The geographic progression - Jerusalem, Judea, Samaria, ends of the earth - moved from familiar to foreign, comfortable to challenging, accepted to rejected. Jerusalem was home, where Jesus's followers had community and context. Judea was their broader region, culturally similar but geographically dispersed. Samaria was hostile territory - Jews and Samaritans despised each other over centuries of ethnic and religious conflict. The ends of the earth meant Gentile lands, where Jewish customs were unknown and Christ's message would seem foreign.

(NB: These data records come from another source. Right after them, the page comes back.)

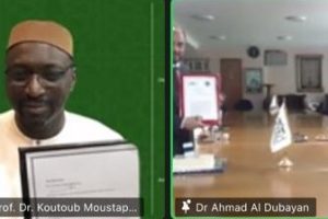Dans le cadre des efforts de l'Académie internationale du Fiqh islamique (AIFI) d'établir des relations de partenariat avec des institutions et des centres scientifiques et de recherche impiqués dans la diffusion de la modération, de la tolérance, de la coexistence et de l'harmonie entre les adeptes des religions, et afin de permettre à ces institutions et à ces centres de tirer profit des résolutions et des recommandations de l'Académie qui comprennent des solutions efficaces pour de nombreux problèmes de la vie contemporaine et des questions émergentes, S.E. Prof. Koutoub Moustapha Sano, Secrétaire général de l'Académie, et S.E. Dr Ahmed Al-Dubayan, Directeur Général de la Mosquée Centrale de Londres et de son Centre culturel islamique, ont signé par videoconference un mémorandum de coopération le vendredi 18 Dhul Quida 1443 correspondant au 17 juin 2022.
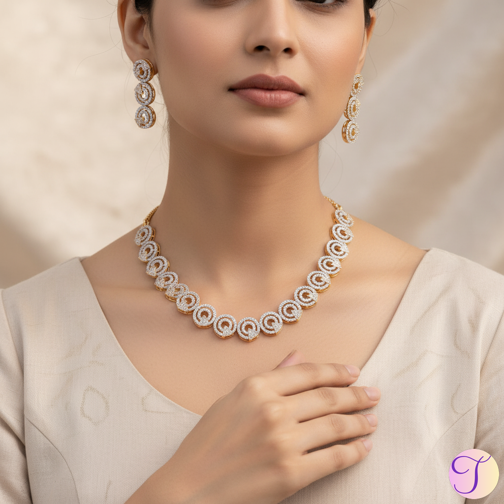 Radiant Loops American Diamond Golden Necklace Set
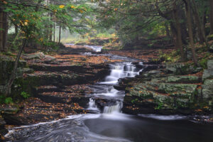 Looking for waterfalls near Honesdale PA and waterfalls near Lake Wallenpaupack PA? Discover the Little Falls cascades along a branch of Wallenpaupack Creek on the western side of Promised Land State Park, just 10 miles from Lake Wallenpaupack’s southern shores. The loop trail starts near the Lower Lake dam and includes several charming creek waterfalls along the way.
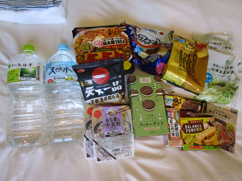 今回搬入食料。軽井沢駅前のコンビニで買ったものだ。食糧費は2200円ほど。
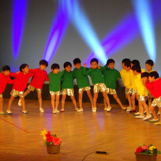 年少児は、初舞台!舞台慣れのために会場のお客さんと挨拶を交わし、照明さんには色とりどりのスポットライトをちょっぴり見せてもらい「わぁ~きれい・・・」その後はいつも通り元気にリズムを踊りました。

This progression challenges modern missions thinking. We want to start with the exotic - international travel, foreign cultures, dramatic adventure. Jesus says start with Jerusalem - your neighborhood, city, immediate community. Once you're faithfully witnessing where you are, expand to Judea - your region, people who share your culture but live in different places. Then move to Samaria - people you're inclined to avoid, communities you find uncomfortable, groups you've been taught to distrust. Finally, reach the ends of the earth - truly foreign contexts where Christ is unknown.
Most Christians never get past Jerusalem in practice. We know we should witness locally but feel unqualified. We know we should care about global missions but don't engage personally. We know we should cross cultural boundaries but stay in our comfort zones. Jesus's command hasn't changed: be my witnesses everywhere, starting where you are and expanding outward until you've reached people utterly unlike you.

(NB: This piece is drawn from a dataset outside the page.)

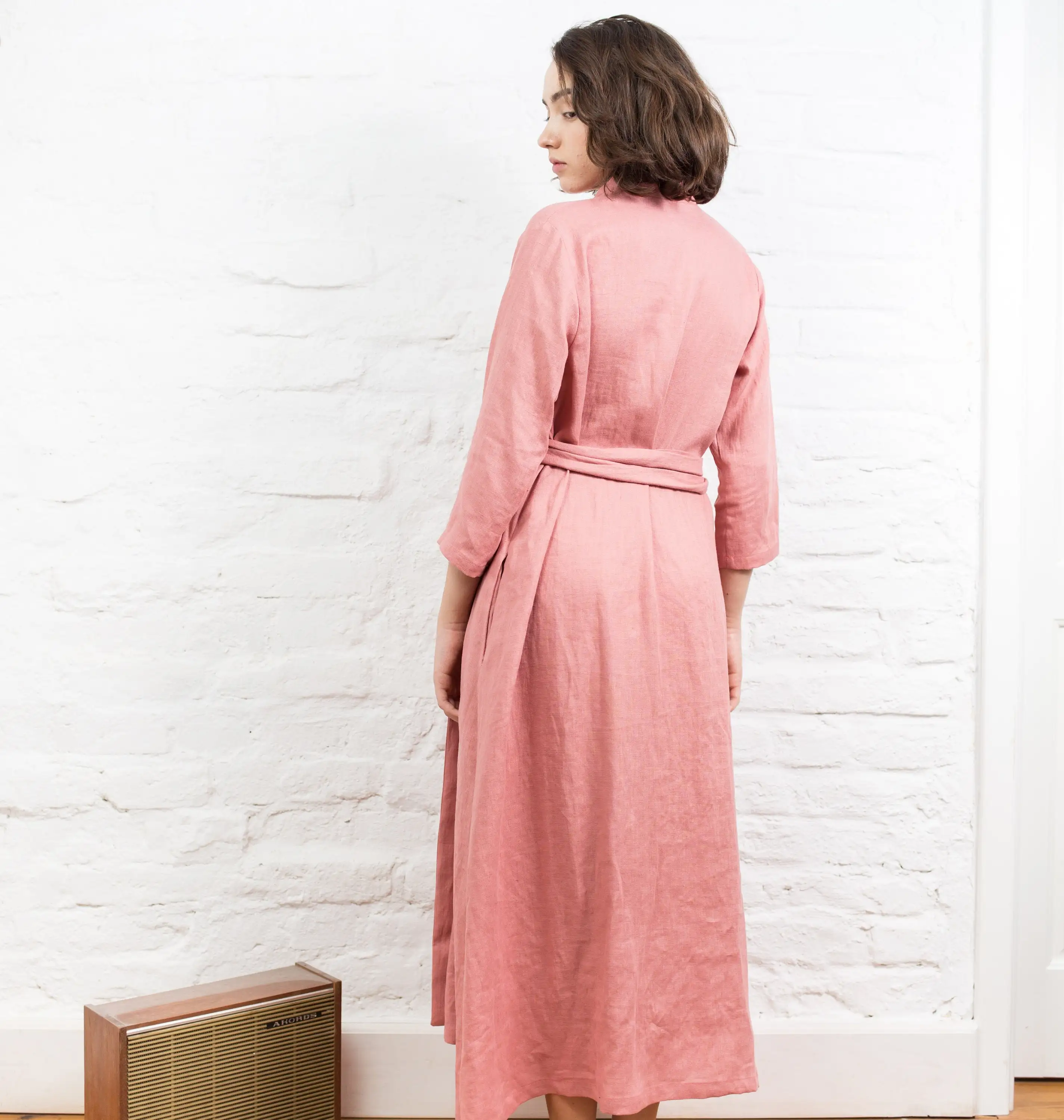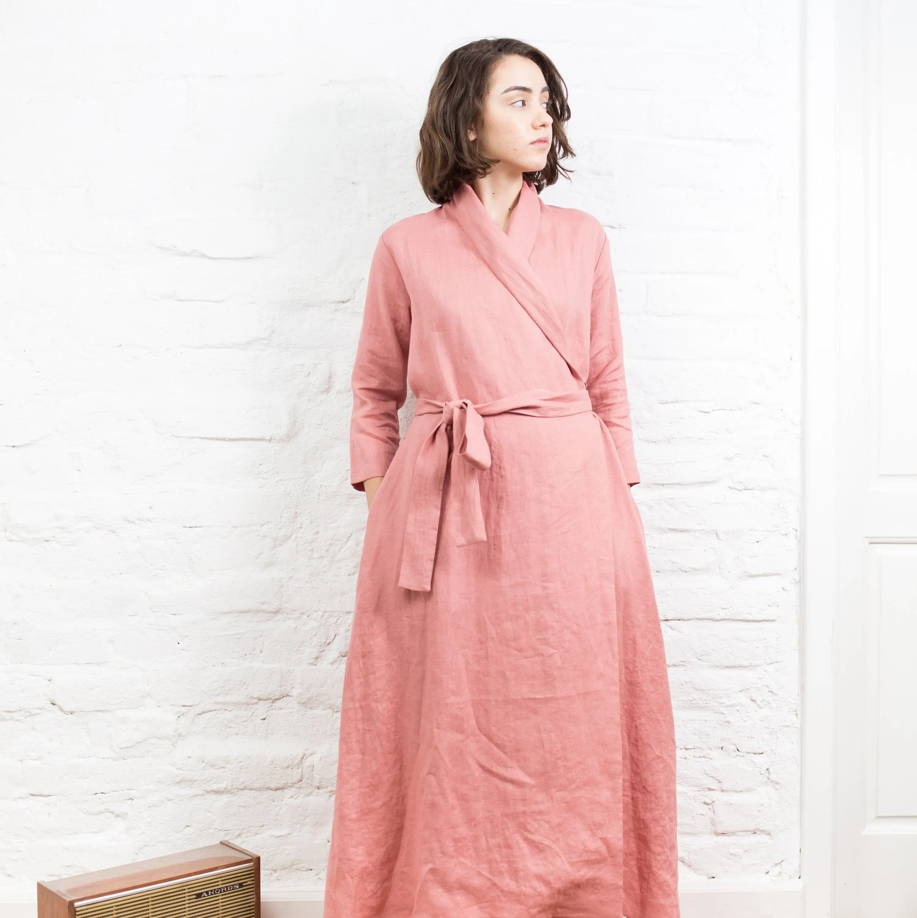 Women's Eco-Friendly Linen V-Neck Wrap Maxi Dress Long Sleeve Kimono with Belt Pockets Natural Waistline Woven Weave

But notice the promise that precedes the command: "You will receive power when the Holy Spirit comes on you." Witness isn't something you do in your own strength, wisdom, or eloquence. It's Spirit-empowered testimony to what Christ has done. You don't need to be persuasive, educated, or impressive. You need to be available, obedient, and honest. The Spirit provides the power. You provide the witness.

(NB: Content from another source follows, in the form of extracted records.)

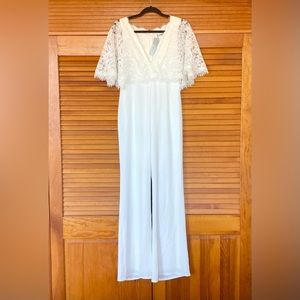 NEW- Tadashi Shoji - BRANSON LACE CAPELET IVORY JUMPSUIT- size 0/2
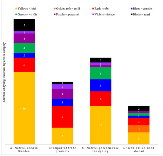 The majority of the plant species belongs to seed plants (Spermatophyta). Further, Jörlin mentions one clubmoss, seven lichens, molluscan purple, six gall insects and five dye insects: kermes, Polish cochineal, American cochineal, Indian lac and an indigenous insect found on elm trees. Some species provide more than one dye source, so he lists a total of 130 different dyeing materials: 52 from native species used in Sweden, 26 imported products, 36 materials of native origin having the potential to be used in dyeing and 16 materials of non-native species applied abroad (Figure 3). The bar chart shows that the color yellow dominates among the Swedish dye sources, while the majority of traded products are for dyeing red and purple.
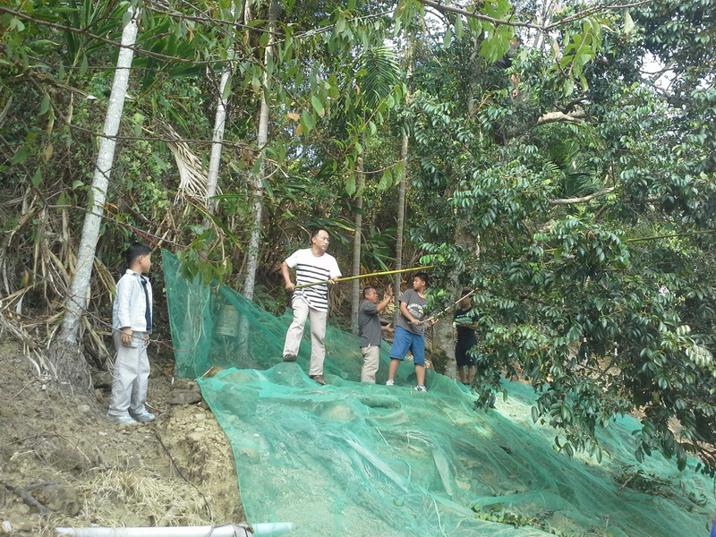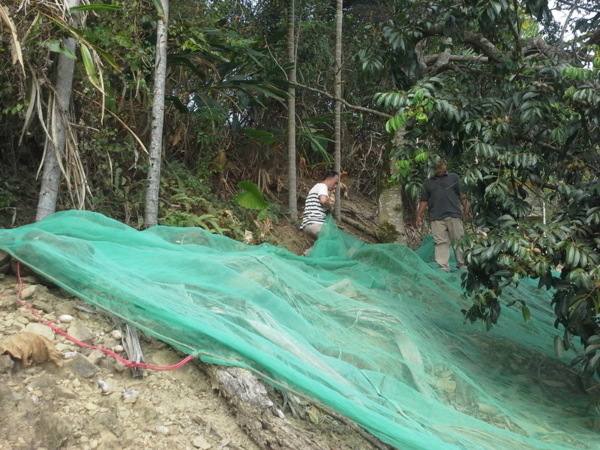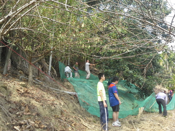 開工了,先綁網袋,以便回收敲下來的橄欖。
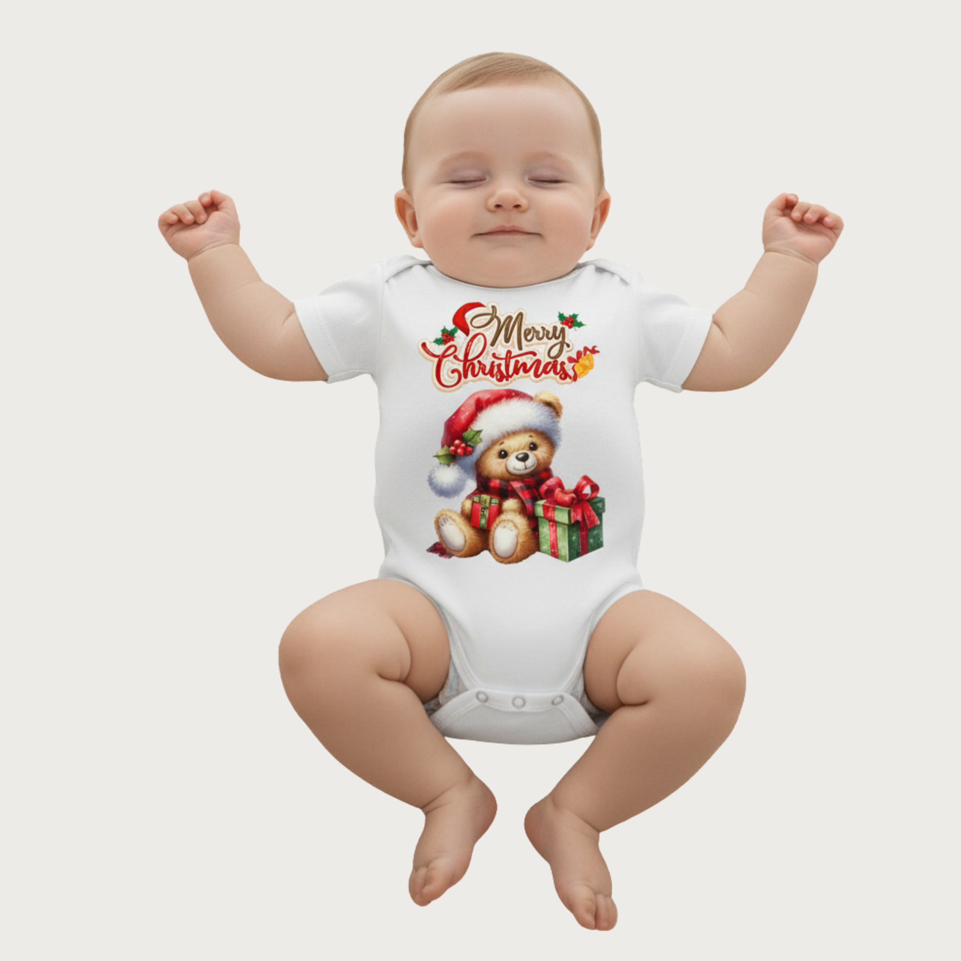 Celebrate the magic of the season with this must-have Christmas onesie! This charming bodysuit features a cuddly teddy bear in a festive Santa hat and scarf, clutching a wrapped gift, underneath a whimsical "Merry Christmas" script.
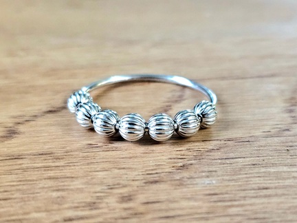 Jeg laver disse ringe indtil jul af 1,2 mm sølvtråd med 7 kugler af 4 mm, og de laves på bestilling efter din ringstørrelse, så du må forvente ca. 1 uges produktionstid.
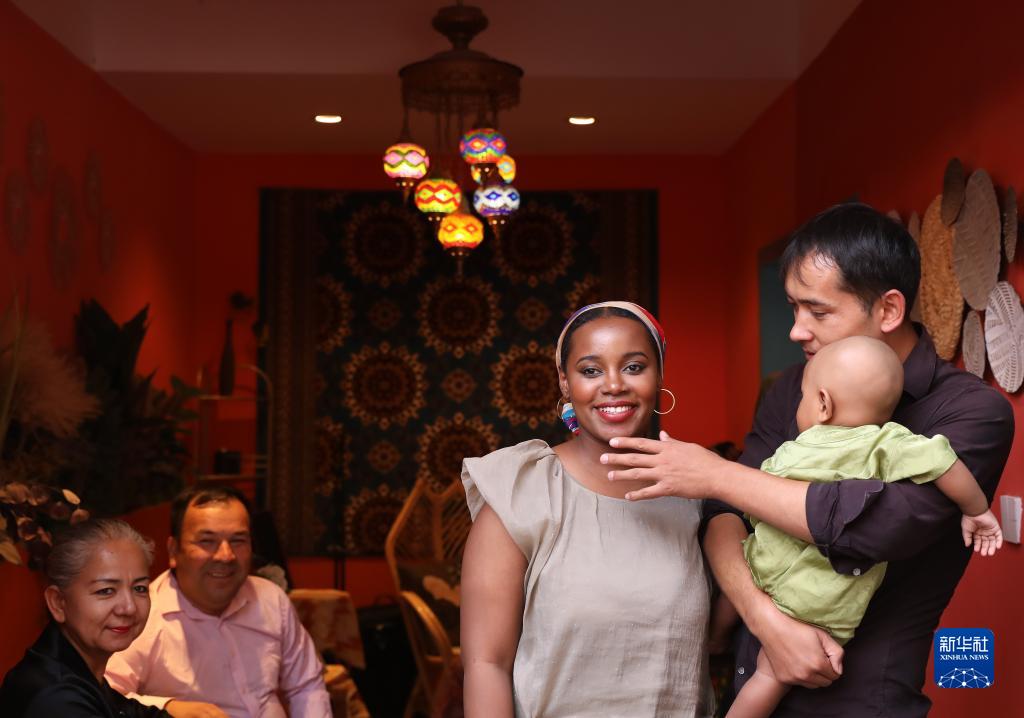 迪力夏提抱着孩子和海迪雅站在自家咖啡馆前(9月7日摄)。
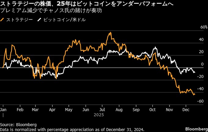 2025年初め、ビットコインが急騰し、ストラテジー株も急伸する中で、チャノス氏はチャンスを見いだす。ストラテジーの株価が、保有するビットコインの評価額を上回って取引されていることを「持続不可能」と見て、5月にストラテジー株の空売りとビットコインの買い持ちを公表した。

Twelve days from now (May 14), we'll observe Ascension Thursday, when Jesus returned to the Father. Twenty-one days from now (May 24), we'll celebrate Pentecost, when the Spirit came in power. You're living in the same season the first disciples lived - between resurrection and Pentecost, between promise and fulfillment, between commission and empowerment. Jesus has given you the command. The Spirit will give you the power. Your job is to be ready when power comes.